Read also: CBN, Lotus Bank reiterates commitment to supporting export sector

According to him, out of the box solutions would drive financial

inclusion, Small and Medium Enterprise (SME) growth and the creation of start-ups.

He said the solution would also facilitate cross border trades and transfers as well as international remittances and Foreign Exchange (FX).

Speaking at a one day seminar for Finance Correspondents and business editors in Lagos, he said out of the box solutions would ensure effective implementation of welfare-inclined government programmes; and enhance efficiency in the interbank market.

He said the theme of the seminar, which is “Policy Options for Economic Diversification: Thinking Outside the Crude Oil-Box” was not only appropriate but quite timely in the Bank’s quest and resolve to change the narratives of depending on a mono-product oil-led economy, towards building a broad-based and well diversified economy that guarantees overall macroeconomic stability.

He noted that since 2019, the world has been facing severe shocks, propelled by the Covid 19 pandemic and the Russian-Ukraine war that have continued to threaten global growth and overall macroeconomic stability.

The quest for building a more sophisticated economy anchored on agriculture, Micro Small and Medium Enterprises (MSMEs), industrial and manufacturing concerns have become the major component of the CBN’s monetary policy, he said.

Nigeria has largely depended on the oil sector for revenue generation over the past four decades and the sustained decline in crude oil production has continued to negatively undermine the performance of the economy. Thus, he said there is the urgent need for a conscientious effort to diversify to other non-oil sectors.

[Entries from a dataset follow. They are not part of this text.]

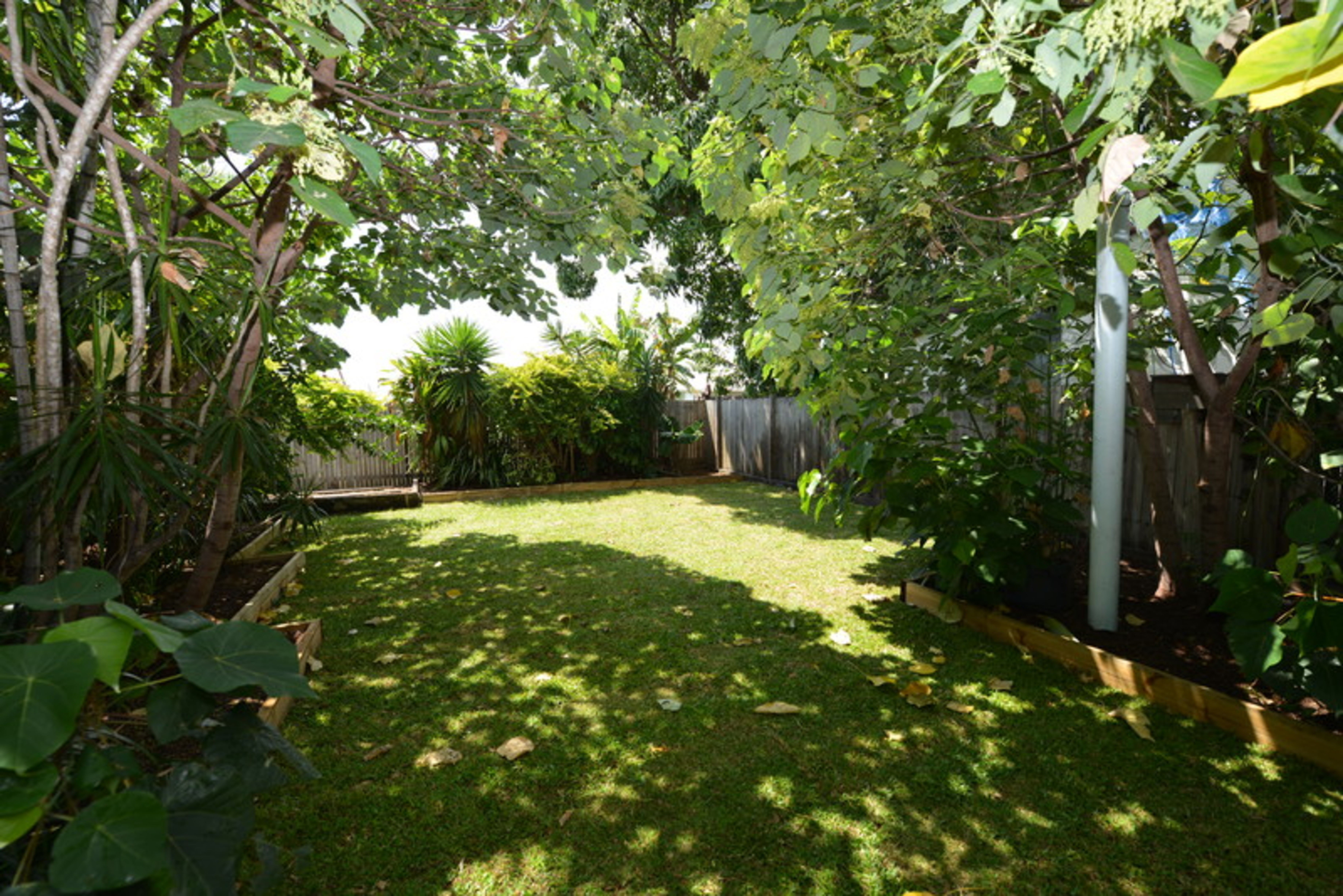 The back yard is amazing, offering privacy and serenity.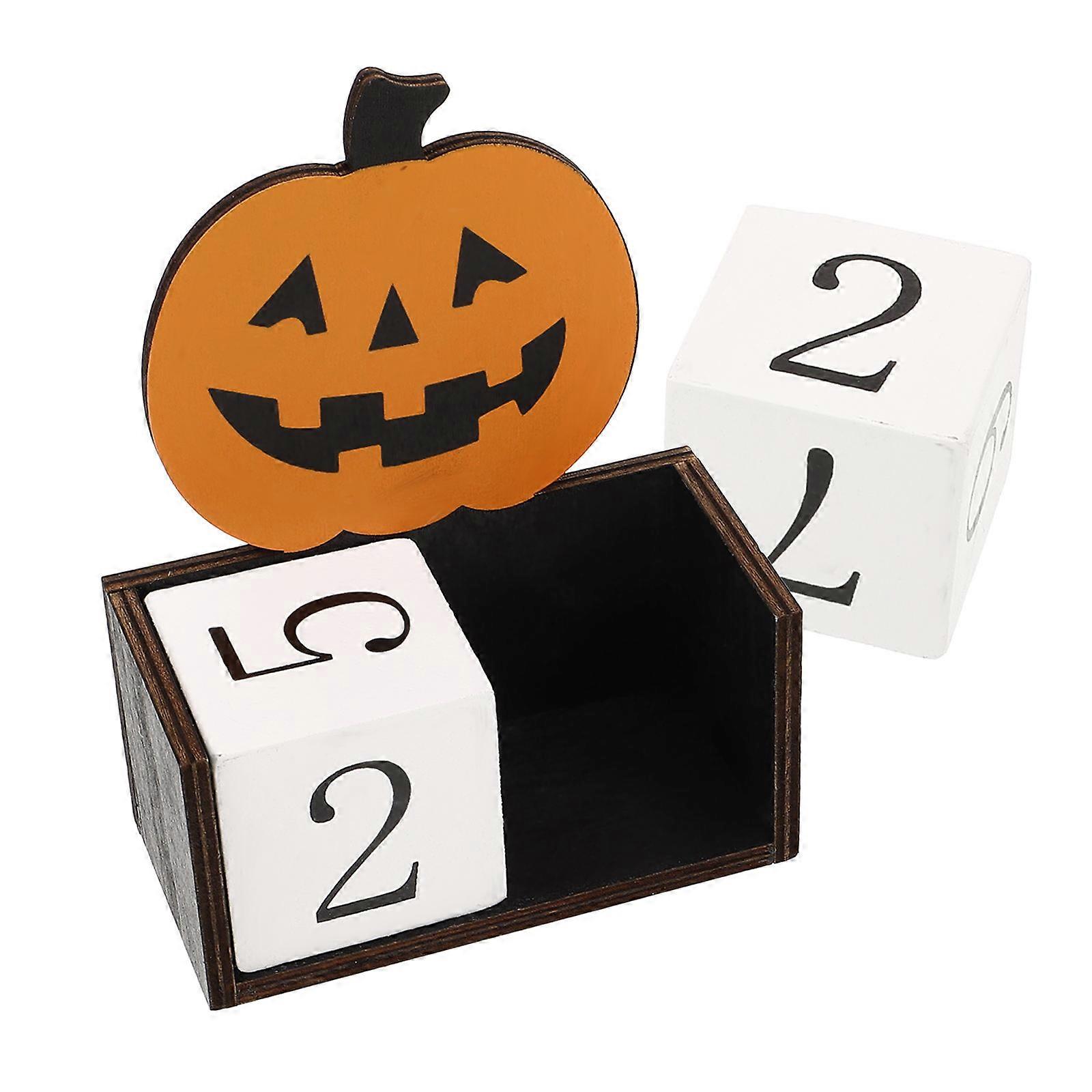 Halloween Theme Desktop Calendar Manual Turning Pumpkin Shape Calendar for Home and Office Decor in Multi Wood Material 1Pack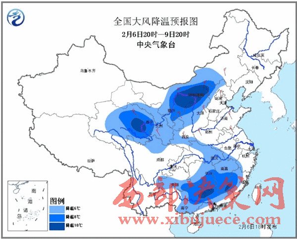 中央氣象臺(tái)預(yù)計(jì),6日夜間至9日,我國(guó)中東部大部地區(qū)都將自北向南將先后出現(xiàn)大范圍大風(fēng)降溫和雨雪天氣,平均氣溫將普遍下降4℃以上,其中,青海東部、陜西北部、內(nèi)蒙古中部、山西北部、貴州東南部、湖南中南部、江西中南部、福建西部、廣西北部和廣東北部等地氣溫將下降8℃以上,局地超過10℃!長(zhǎng)江以北地區(qū)并伴有4——6級(jí)偏北風(fēng),東部和南部海區(qū)風(fēng)力有7——9級(jí)。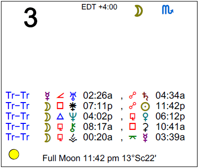 - A Full Moon occurs in the sign of Scorpio at 11:42 PM.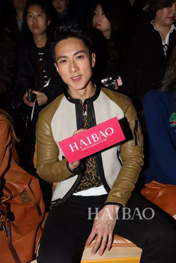 吴尊的拼色机车夹克和豹纹内搭也来自蔻驰 (COACH) 2016春夏系列,在现场和报友们Say Hi。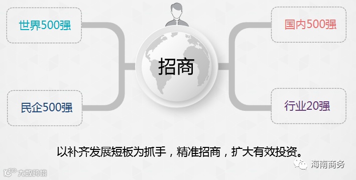 补短板招商的另一层意思,是针对地方产业的发展短板,靶向发力、精准招商。以海南为例,目前海南还存在不少短板,引进项目“国际化程度不够高”就是其中的短板之一。去年海南省实际利用外资虽然达到15亿美元,但也仅仅是上海的8.2%、深圳的19.3%。外资增速上,海南虽然比上海和深圳高,但是绝对数来讲,还是小学生和大学教授的区别。而且已经引进的企业层次不够高,目前进驻海南省的世界500强企业(包括过去上过榜如今已不在榜中的企业)共104家。而其他省份中,江苏有389家,湖南有175家,上海和北京几乎所有的500强企业都有进驻或有项目。当下,海南已经步入自贸港建设阶段,招商工作中要树立国际化的视野和战略眼光,加强对世界500强,国内500强、民企500强、行业20强等“大块头”企业的招商,精心谋划高标准、高质量的项目,“主动出击”、主动上门对接。特别是世界一流的企业,需要我们主动上门请,他们才会开展研究、进行可行性论证,耗时可能比较长,但是一旦决定投资建设,做一件就是一件精品。当然,其他企业也不能忽略,要把握好“抓大不放小”“喜新不厌旧”“重硬不轻软”“求远不舍近”的原则,补齐短板、精准招商,扩大有效投资。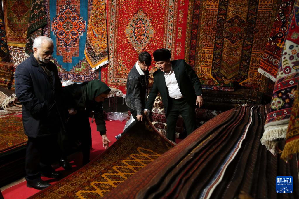 11月14日,在伊朗首都德黑兰,顾客在伊朗国际手工地毯展上选购地毯。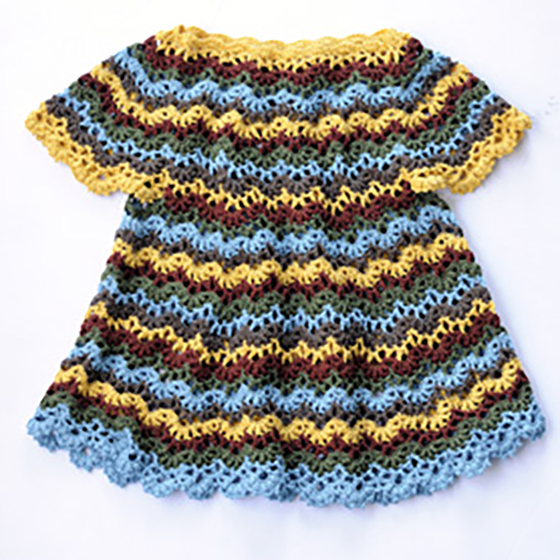 材料:パピー コットンコナ 青緑(63)105g、黄(52)100g=各3玉、緑(51)80g、赤茶(69)75g、茶色(70)70g=各2玉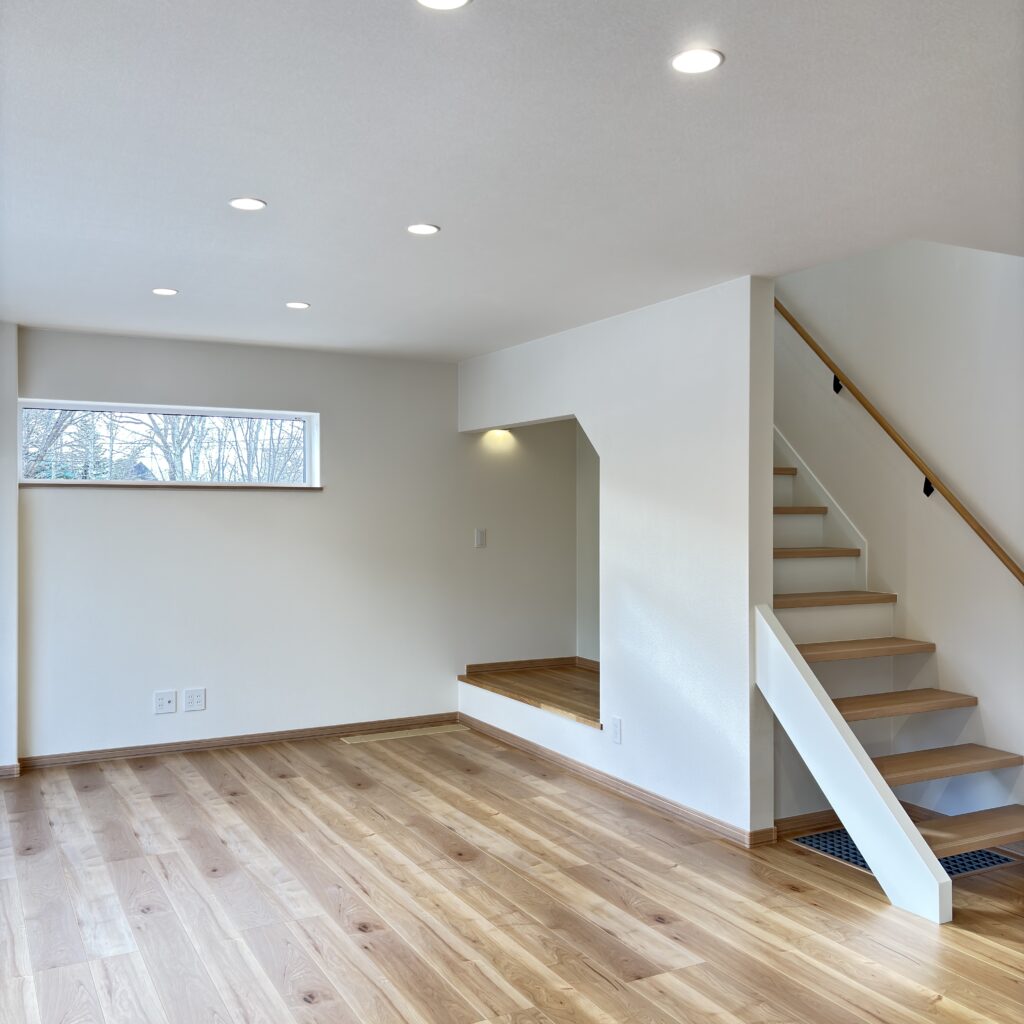 家族の集まる空間は、20帖以上の広々設計。階段の一部をオープン階段にすることで、リビングに圧倒的な開放感をもたらしています。明るい木目と白い壁が心地よい、広々としたLDKをぜひご体感ください。

“As I have often said, it is important that we work to create an economy that will enable us feed ourselves, create jobs for our teeming youths and improve the standard of living of our people. With our population growing by over 3 percent per annum over the past seven years, against a less than steady growth in output since 2019, expanding the production and industrial capacity of the economy must be given special attention to ensure overall macroeconomic stability,” Emefiele said.